En un giro tan paradójico como preocupante, la democracia moderna se está convirtiendo en el pretexto para restringir sus propios principios fundamentales. Gobiernos y organismos supuestamente democráticos, con el argumento de «proteger el sistema», están adoptando prácticas que contradicen su esencia: impedir que los ciudadanos elijan libremente a sus representantes.
El fenómeno no es aislado ni anecdótico. En Francia, Marine Le Pen ha sido objeto de maniobras institucionales que amenazan su participación en futuras elecciones. En Brasil, Jair Bolsonaro —expresidente y figura central de la derecha— fue inhabilitado políticamente. En Rumania, la victoria de Georgescu fue directamente cancelada. Y en Alemania, el segundo partido más votado del país, Alternativa para Alemania (AfD), fue etiquetado como «grupo extremista», una categorización que allana el camino hacia su ilegalización.
Lo que une estos casos es una matriz común: la censura preventiva aplicada a candidatos y partidos incómodos para el statu quo. No hablamos de delincuentes ni golpistas, sino de fuerzas políticas que, con millones de votos detrás, desafían los consensos ideológicos de las élites progresistas y globalistas. La etiqueta de «ultraderechista», usada sin mayor precisión ni debate, se ha convertido en una herramienta de exclusión arbitraria.
Este nuevo paradigma no se manifiesta en tanques en las calles ni en golpes militares. Se impone a través de decisiones judiciales, tecnocracia institucional y campañas mediáticas que criminalizan la disidencia. El resultado es una democracia sin alternativas reales, donde se permite votar, pero no elegir más allá de los límites tolerados por el sistema.

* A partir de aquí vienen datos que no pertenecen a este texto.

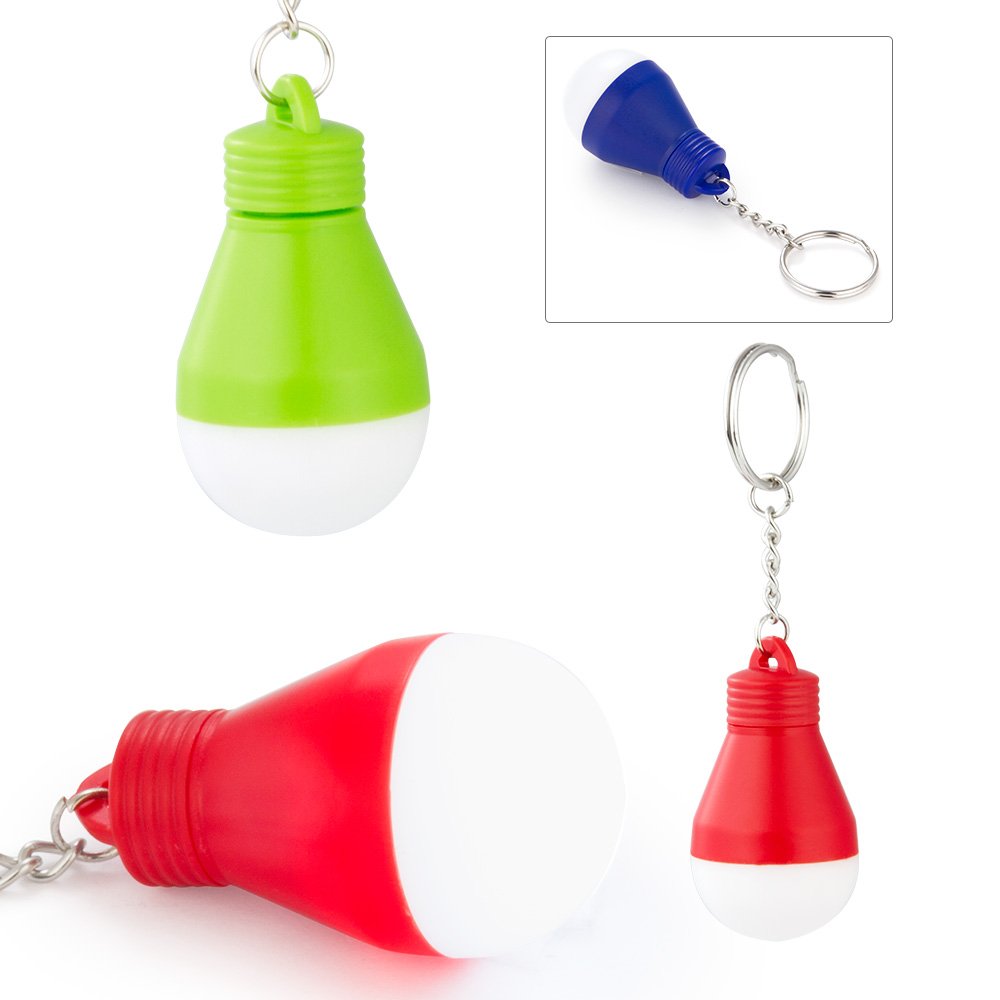 Llavero en forma de bombillo con linterna.

Cuando el establishment decide quién puede o no presentarse a elecciones, no estamos ante una democracia en crisis, sino ante una democracia que mutó en autoritarismo. Y lo más peligroso es que lo hace bajo una apariencia de legalidad, barnizada de discursos sobre derechos, convivencia y protección institucional.
Los ciudadanos del mundo libre deben preguntarse si aceptar esta deriva es compatible con la libertad. Porque el verdadero extremismo es proscribir al adversario en nombre del pluralismo, vetar al distinto en nombre de la tolerancia y ahogar el voto popular en nombre del “orden democrático”.
El futuro de la democracia no se juega solamente en las urnas, sino también en nuestra capacidad de resistir esta deriva autoritaria que pretende disimularse tras una fachada institucional. La pregunta ya no es si estamos perdiendo libertades, sino si tendremos el coraje de defenderlas antes de que sea demasiado tarde.